The details given cylinders are -

r₁ / r₂ = 2 : 3

h₁ / h₂ = 5 : 3

Curved surface area of cylinder 1/Curved surface area of cylinder 2 = (2 * (22/7) * r₁ * h₁ )/(2 * (22/7) * r₂ * h₂)

                                                                                                            = (2 * (22/7) * 2 * 5)/(2 * (22/7) * 3 * 3) 

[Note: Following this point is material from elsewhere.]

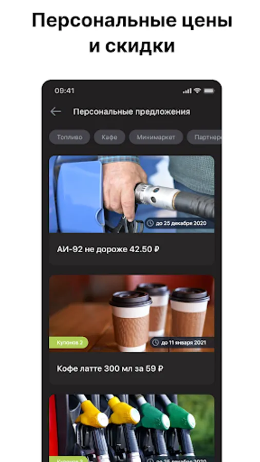 The application allows you to accumulate bonus points for purchasing fuel, store goods, cafe services, car wash, and also provides access to electronic coupons with super discounts and participation in drawings for promotional prizes from the Rostneft gas station network.

                                                                                                            = 10/9

Question 8: The ratio between the curved surface area and the total surface area of a right circular cylinder is 1 : 2. Prove that itsheight and radius are equal.

Solution: 

Curved surface area of cylinder/Total surface area of a cylinder = 1/2

(2 * (22/7) * r * h)/(2 * (22/7) * r * (h + r) = 1/2

h/(h + r) = 1/2

2 * h = h + r

2h - h = r

h = r

Height = Radius

Hence, Proved.

Question 9: The curved surface area of cylinder is 1320 cm² and its base has diameter 21 cm. Find the height of cylinder.

Solution: 

The details given about cylinder are -

Curved surface area of cylinder = 1320 cm²

Diameter of base = 21 cm

So, radius = 21/2

Let height of cylinder = h

Curved surface area of cylinder = 2 * (22/7) * r * h

                                          1320 = 2 * (22/7) * (21/2) * h

        (1320 * 7 * 2)/(2 * 22 * 21) = h 

                                               h = 20 cm

Question 10: The height of a right circular cylinder is 10.5 cm. If three times the sum of the areas of its two circular facesis twice the area of the curved surface area. Find the radius of its base.

Solution: 

The details given about cylinder are -

Height of circular cylinder = 10.5 cm

Let radius of cylinder = r

Area of two bases of cylinder = 2 * (22/7) * r²

Area of curved surface of cylinder =  2 * (22/7) * r * h

3 * (2 * (22/7) * r²) = 2 * (2 * (22/7) * r * h))

6 * r = 4 * h

6 * r = 4 * 10.5

r = (4 * 10.5)/6

r = 7 cm 

Summary

Exercise 22.1 | Set 1 of Chapter 22 in RD Sharma's Class 8 Mathematics textbook provides a comprehensive exploration of the surface area and volume of right circular cylinders. Through a variety of problems, students learn to apply the formulas for curved surface area (2πrh), total surface area (2πrh + 2πr²), and volume (πr²h) of cylinders. The exercise emphasizes the importance of unit conversion and precise calculations in solving real-world problems involving cylindrical objects. Students are challenged to work with different given parameters, such as radius, diameter, height, surface area, or volume, to find the missing measurements. This approach helps develop critical thinking and problem-solving skills, as students learn to analyze given information and determine the appropriate steps to solve each problem. By mastering these concepts, students gain a solid foundation in three-dimensional geometry, preparing them for more advanced topics in mathematics and practical applications in various fields of science and engineering.